## Material provided
■ ■ ■ ■ ■
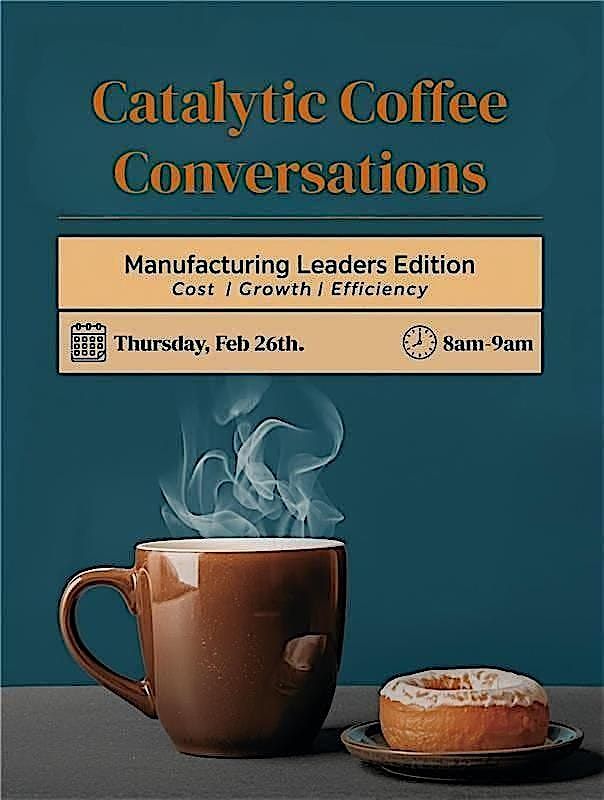 Catalytic Coffee Conversations brings together a small group of local manufacturing CEOs, owners, and operations leaders for a focused discussion around the real operational challenges and growth opportunities facing the industry today.
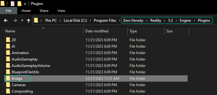 C:\Program Files\Zero Density\Reality\5.6\Engine\Plugins)
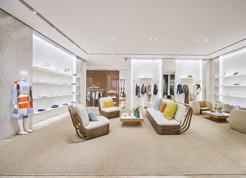 O espaço masculino se desdobra atrás do cubo central, apresentando uma seleção ready-to-wear e acessórios. Desenvolvidas em uma área do salão com mesa redonda de madeira, desenhada por Maxime Delcourt, as paredes nervuradas de travertino Ocean são colocadas em continuidade com o piso para criar um ambiente sofisticado.
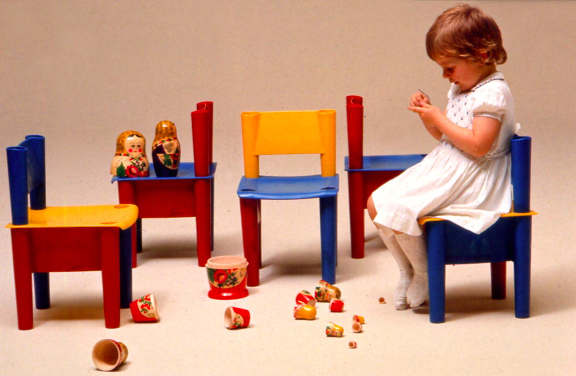 La mostra segnò il riconoscimento e l’affermazione del genio del Made in Italy a livello mondiale. In quell’occasione furono esposti cinque progetti iconici dei tre maestri: la seggiolina per bambini Junior, il sistema modulare per librerie e arredi lineari Brick System, la poltrona Joe, la poltrona Blow e la poltrona Galeotta, oggetti che rivoluzionarono negli anni Sessanta il modo di concepire l’arredo domestico. In questa sede esporremo Junior, Blow, Brick System e il modello in cemento di Joe; manca Galeotta, di cui in archivio sono presenti solo documenti cartacei, disegni e fotografie.
■ ■ ■ ■ ■
## Description of the task
For the material above, repeat each line exactly and leave out the pictures.

## Result of the task
 Catalytic Coffee Conversations brings together a small group of local manufacturing CEOs, owners, and operations leaders for a focused discussion around the real operational challenges and growth opportunities facing the industry today.
 C:\Program Files\Zero Density\Reality\5.6\Engine\Plugins)
 O espaço masculino se desdobra atrás do cubo central, apresentando uma seleção ready-to-wear e acessórios. Desenvolvidas em uma área do salão com mesa redonda de madeira, desenhada por Maxime Delcourt, as paredes nervuradas de travertino Ocean são colocadas em continuidade com o piso para criar um ambiente sofisticado.
 La mostra segnò il riconoscimento e l’affermazione del genio del Made in Italy a livello mondiale. In quell’occasione furono esposti cinque progetti iconici dei tre maestri: la seggiolina per bambini Junior, il sistema modulare per librerie e arredi lineari Brick System, la poltrona Joe, la poltrona Blow e la poltrona Galeotta, oggetti che rivoluzionarono negli anni Sessanta il modo di concepire l’arredo domestico. In questa sede esporremo Junior, Blow, Brick System e il modello in cemento di Joe; manca Galeotta, di cui in archivio sono presenti solo documenti cartacei, disegni e fotografie.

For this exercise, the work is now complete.